CETA : les producteurs français sacrifiés pour un plat de lentilles… canadiennes
« Il reste la moitié de la récolte en stock », alertent des producteurs de lentilles bio audois, qui pointent les importations canadiennes qui inondent le marché français. « Des tonnes de lentilles produites dans la région moisissent dans des dépôts pendant que la France en importe pour deux fois moins cher », déclare Yann Bertin, directeur de la coopérative Graines Équitables, interrogé par L’Indépendant.

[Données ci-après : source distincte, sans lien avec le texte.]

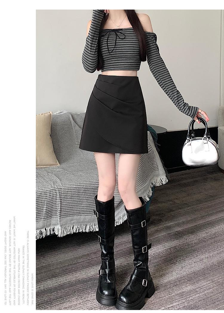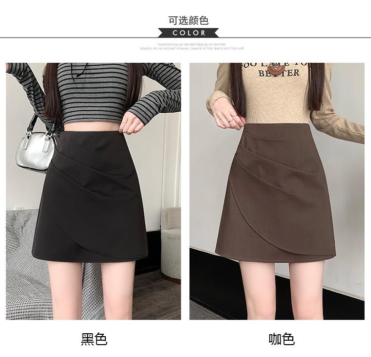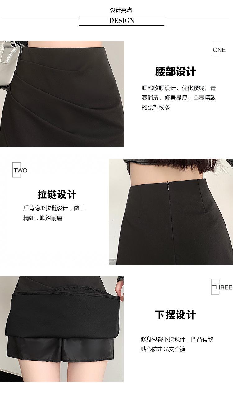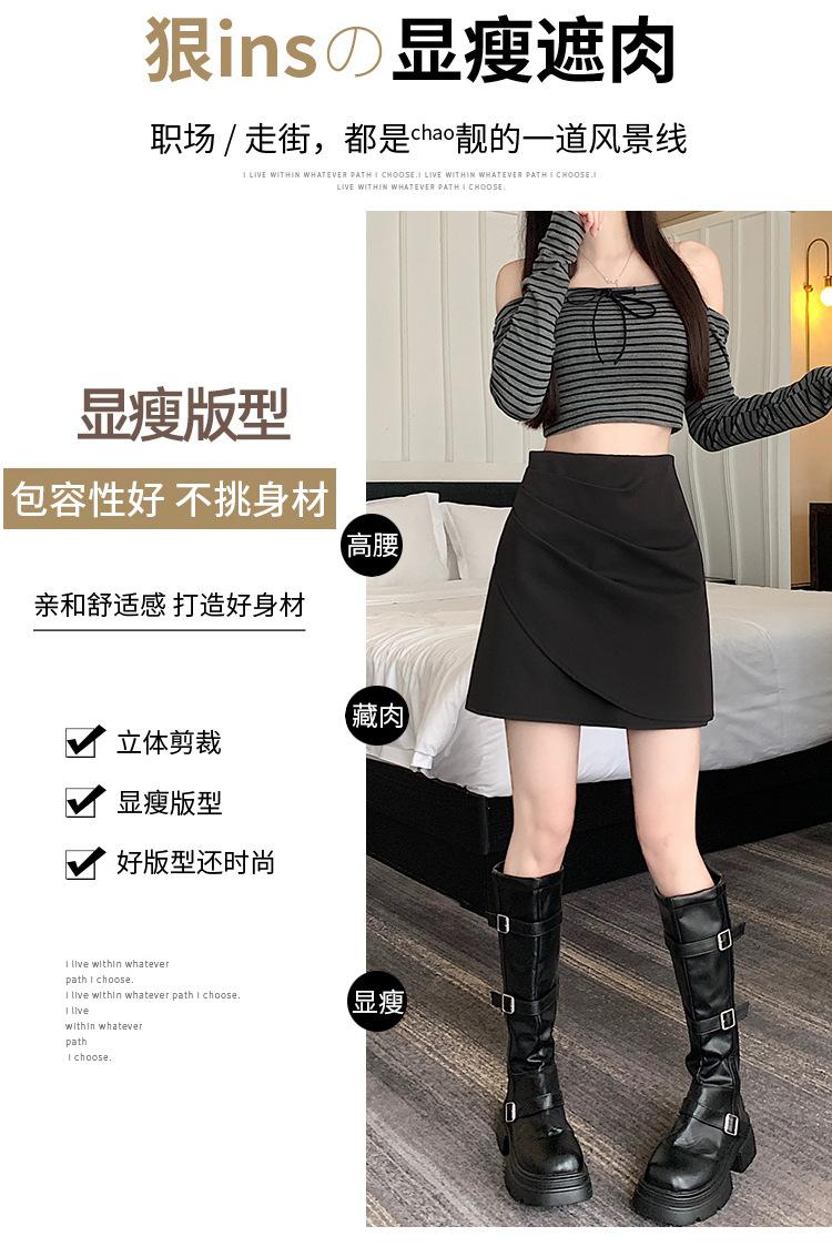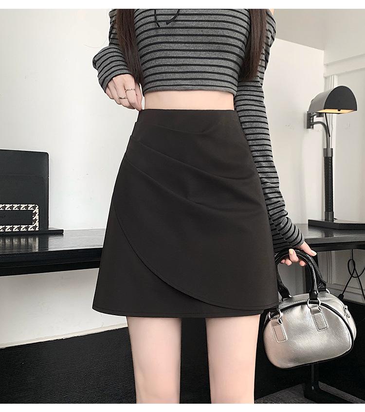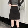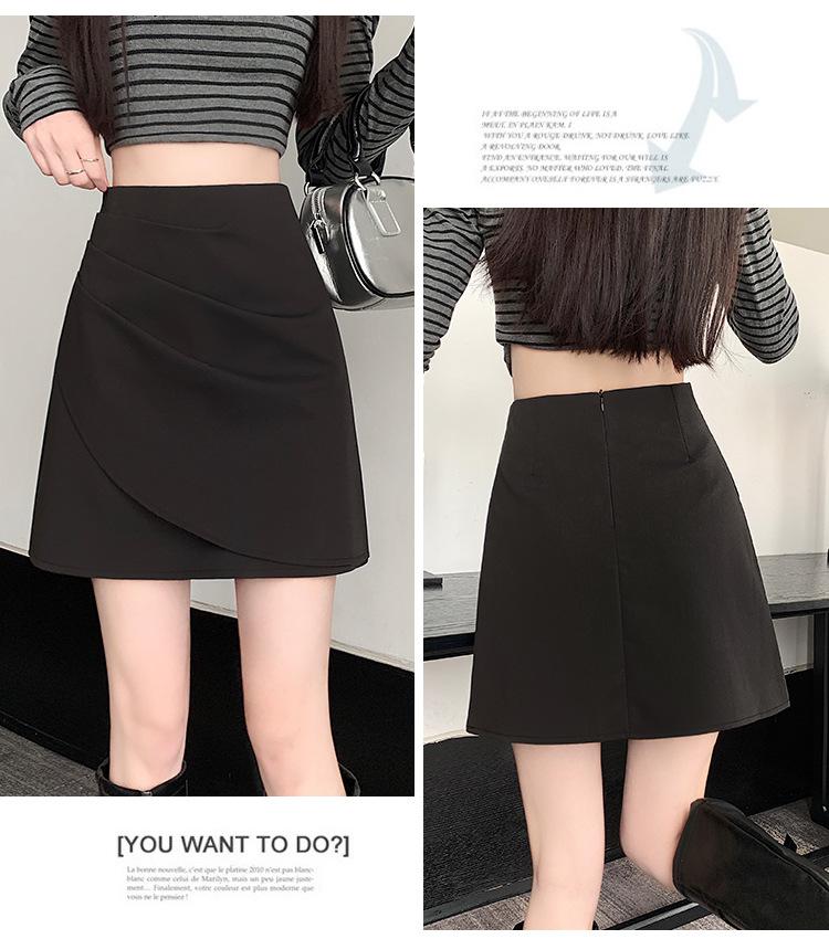 Foto real en stock otoño e invierno nuevo temperamento cintura alta sexy negro irregular adelgazante falda corta bordado mediana elástica
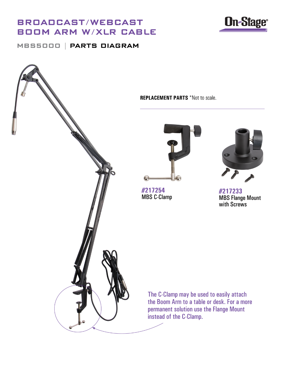 The MBS5000 is a professional articulating mic boom intended for broadcast and webcast applications. Two pairs of springs provide just the right counterbalance for popular broadcast microphones or other devices weighing up to 3.5 lbs. Designed for the studio environment, the MBS5000 allows for quiet, easy, and repeatable positioning, even while on-air. Square-tubing construction ensures strength and a long service life. A 10' XLR cable is pre-installed within the tubing for a clean look. A stem with standard 5/8-27 threading mates with all common mic clips and offers plenty of room for oversized shockmounts. Additionally, the MBS5000 comes with two mounting options. One is a removable C-clamp capable of grasping desktops and other surfaces up to 2" thick. The other is a screw-in flange mount for permanent desktop or overhead installations.
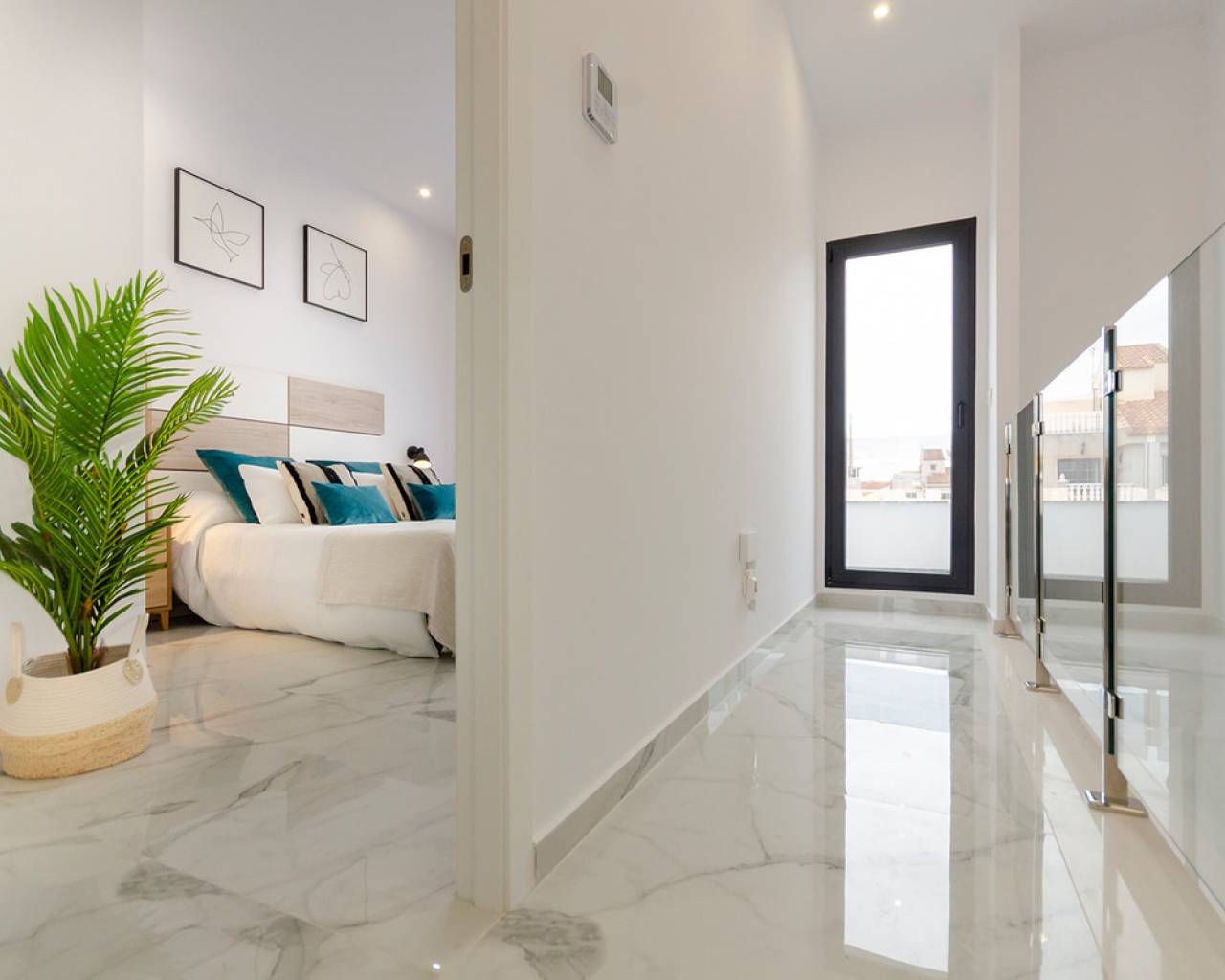 Con vistas a la singular y encantadora Laguna Rosa, y rodeado de todos los servicios que puedas necesitar: supermercados, hipermercados, Centro Comercial Habaneras, colegio, instituto.. Muy cerca de las internacionales playas de Torrevieja, Guardamar y Orihuela costa. A 40 minutos del Aeropuerto Internacional de Alicante. Todas las casas tienen muy buena orientación al sureste o suroeste, con muchas horas de sol y luz natural. Estas excelentes viviendas mediterráneas independientes ofrecen una óptima relación calidad-precio, todas con parcela independiente con espacio de parking, piscina privada, y una magnífica distribución: En la planta baja cuentan con amplia zona de salón-comedor y cocina abierta, 1 dormitorio con armario empotrado, 1 baño completo y porche de acceso a la vivienda. La planta primera se distribuye en 2 grandes dormitorios con armarios empotrados, 2 baños en suite y una terraza en cada dormitorio. Opcionalmente se puede construir un gran solárium terminado de 45,70 m2. Las calidades y acabados de serie de esta obra nueva son excelentes: todas las viviendas incluyen persianas automatizadas, preinstalación de aire acondicionado por conductos, suministro de agua caliente sanitaria a través de placa solar.. Además por tiemplo limitado también se incluye de regalo por cortesía del promotor: • Iluminación interior y exterior • Mamparas de ducha en baños • Electrodomésticos en la cocina
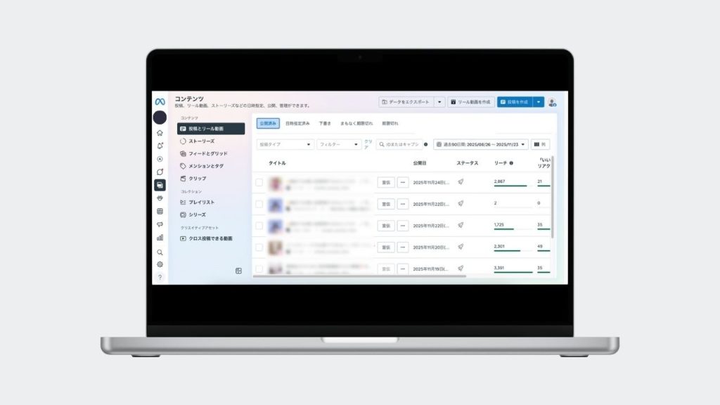 PCから予約投稿を行う場合は、Meta Business Suite(旧クリエイタースタジオ)が便利です。
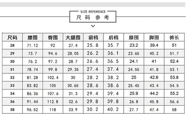 尺码:28 29 30 31 32 33 34 36 38
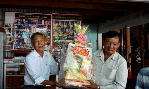 Ông Lê Tấn Phú – Thư ký Ban Từ thiện Xã hội tặng quà cho ông Nguyễn Hồng Nguyện – Trưởng ban Ban Trị sự PGHH phường Bình Thạnh
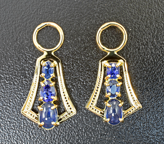 Вашему вниманию предлагаются подвесы для серег из желтого золота 585 пробы с сапфирами! Размеры изделия 24 х 13 мм. Вес пары 2,62 г. Ниже приводятся ювелирные характеристики вставок.

Mais à la source du problème de concurrence canadienne, il y aurait de la chimie, selon le site Epoch Times, qui titre sur « Le scandale des pesticides dans nos assiettes ».
Les gens *signent des pétitions contre les pesticides*
Les agriculteurs * produisent des lentilles sans pesticides*
Les gens *achètent les lentilles d’importations produites avec des pesticides*
Les agriculteurs *sont ruinés* https://t.co/qgLNElGWsz
— Denis Beauchamp (@GrainHedger) January 31, 2026
Des lentilles canadiennes gorgées de pesticides interdits
Alors, sont-ce finalement leurs moindres coûts de production ou l’emploi de pesticides qui permet aux Canadiens d’exporter massivement leurs lentilles en France, au risque de ruiner nos producteurs nationaux ? En fait, les deux, et ils sont d’ailleurs intimement liés, comme nous l’allons voir. Pour pouvoir récolter les lentilles, il faut en effet attendre que la plante sèche, grâce à la chaleur et au soleil. Ce qui explique l’importance des productions dans les régions méridionales, mais aussi le fait que partout en France, on procède à une seule récolte annuelle en laissant travailler Dame Nature. Au Canada, en revanche, où une stratégie volontairement exportatrice a été mise en pratique, le climat y est par trop humide pour produire naturellement. On assèche donc artificiellement la plante en la « tuant » au moyen de pesticides. Des pesticides dont l’usage est interdit aux producteurs français, du fait de la transposition chez nous de la réglementation bruxelloise, mais qui sont pourtant pour certains - et c’est tout de même un comble - produits en Europe.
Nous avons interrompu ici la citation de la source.